Saturday, June 27, 2009

Developed to entertain!

Just because an application is popular doesn’t automatically mean it is anything special or particularly clever in any respects. Even the Fart game was one of the most downloaded games for a while, until everyone realized it was just a digital whoopee cushion. What makes a game or application great is one that keeps people returning to it, to beat a previous score or because of its usefulness.

Paper Toss, a free iPhone app, appears to be a simple game of throwing a crumpled up piece of paper into a trash bucket. There is a fan placed on either side blowing at different speeds. The greater the wind from the fan, the more the piece of paper will drift to one side. Sometimes the piece of paper has to be aimed well to the side, towards the fan, for it to curve in the air and land in the bucket. The goal is to see how many you can get in a row. For the first while I was averaging about 1. Then I somehow got 3 in a row. It took a while to beat that but one day I played a game where I, Magic Johnson, got an amazing score of 14. The fact was, the game kept me going back. I was hooked!

Flight control is currently one of the most popular paid iPhone applications. The goal of this game is to land as many large and small aircraft and helicopters as possible, without letting any of them hit each other. Using a finger, you draw the route the airplanes should follow to the runway. The game gets more difficult as you play until eventually two of them bang into each other. As with most games, there is a steep learning curve where you quickly improve your score. Again, this keeps people returning to the game and actually makes the time spent downloading, and the $0.99, worth it.
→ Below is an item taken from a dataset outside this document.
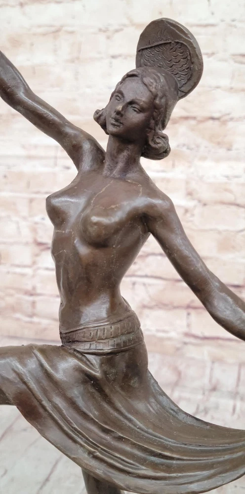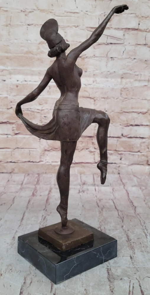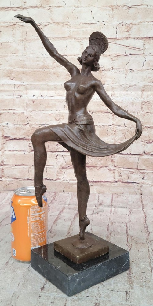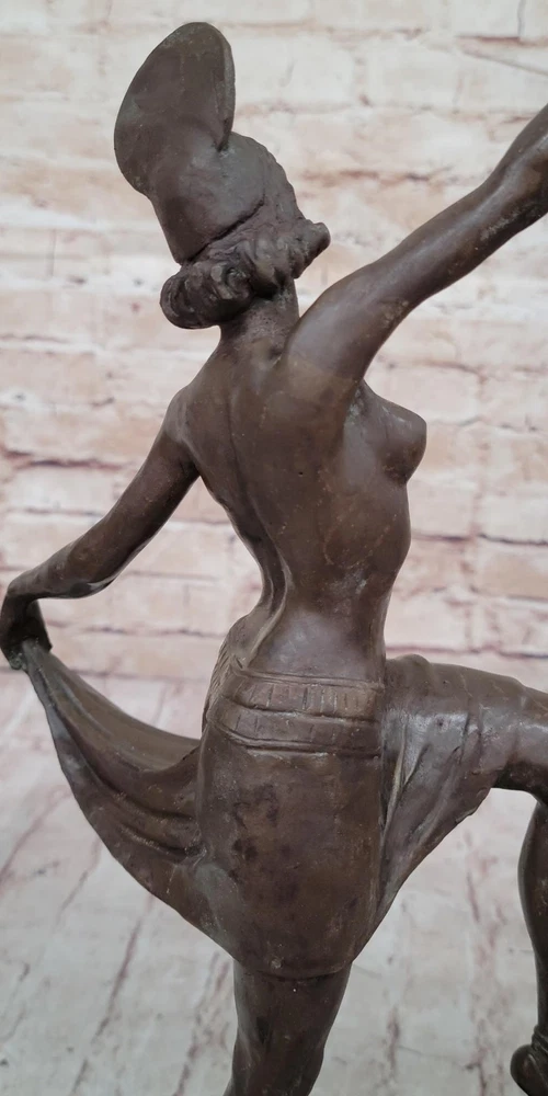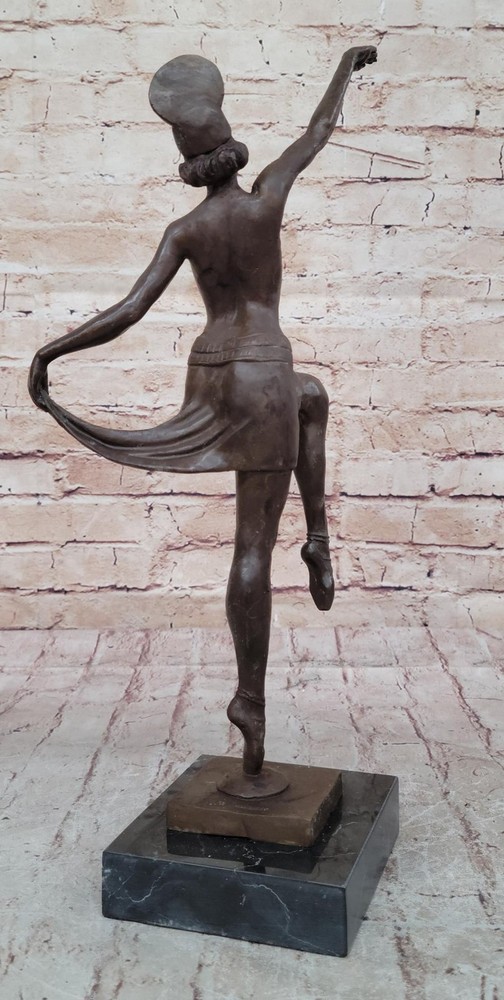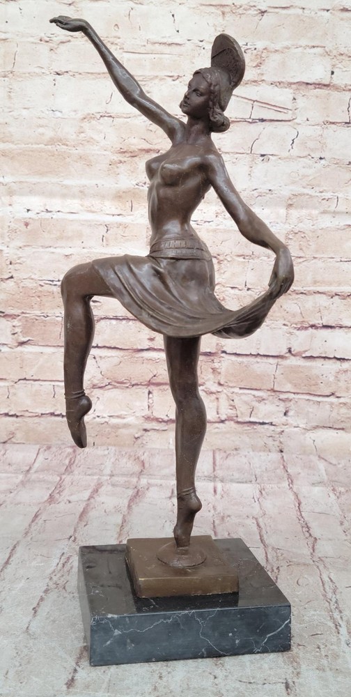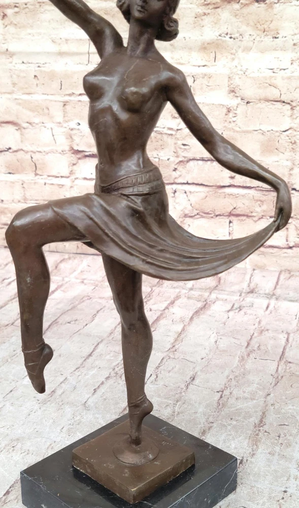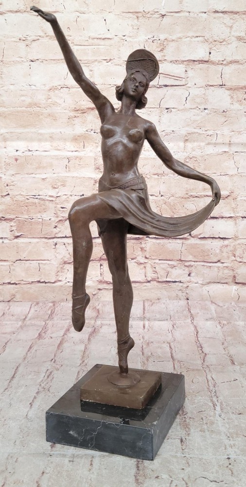 Condition : This sculpture is in perfect condition. Bronze Dimensions with Marble Base: Height 16" X Width 10" Marble Dimensions:5" X 5" Height without base:15" Weight:8 LBS Inventory:37XNCH1928C7573 This stunning early 20th-century French reproduction bronze sculpture by Henri (Enrique) Molins-Balleste (1893-1958) beautifully captures the essence of the Art Deco era. Depicting an iconic dancer in motion, with one leg kicked upward and arms gracefully extended, the sculpture exudes elegance and dynamism. Despite wearing only an undergarment, the dancer's movement radiates grace and sophistication, showcasing Molins-Balleste's mastery in capturing the spirit of the era. The sculpture's meticulous attention to detail is evident in the fine facial features and subtle muscular definition of the dancer's body, including her stomach, knees, back, and spine. Her bobbed hairdo, reminiscent of the Flapper style synonymous with the Roaring Twenties, adds a touch of authenticity and charm to the piece. Patinated with a handsome brown color and mounted on a tiered square base crafted from black marble, the sculpture exudes luxury and refinement. Signed by the artist on the base, it stands as a testament to Molins-Balleste's talent and craftsmanship, capturing the beauty and dynamism of the Art Deco era in exquisite detail. VINTAGE ART DECO DANCER BALLERINA BRONZE FIGURE SCULPTURE SIGNED HOME DECO XNCH-1928C Video will open in a new window Using the eBay App? Paste link into a browser window: [isdntekvideo]

As simple as these games may appear, the programming required to make them work is actually quite complex. How do the programmers make an object turn, change speed, appear to go further away and even rotate about its axis? A combination of Physics and Math! A programmer with ActionScript 3.0 experience, and a healthy dose of trigonometry and physics knowledge, can design a program to do just about anything. They can manipulate digital speed variables, x and y, and change the size of an object to make a 2 dimensional image do anything in a 3 dimensional fashion.

Time for me to practice throwing a crumpled up piece of paper in a garbage bucket!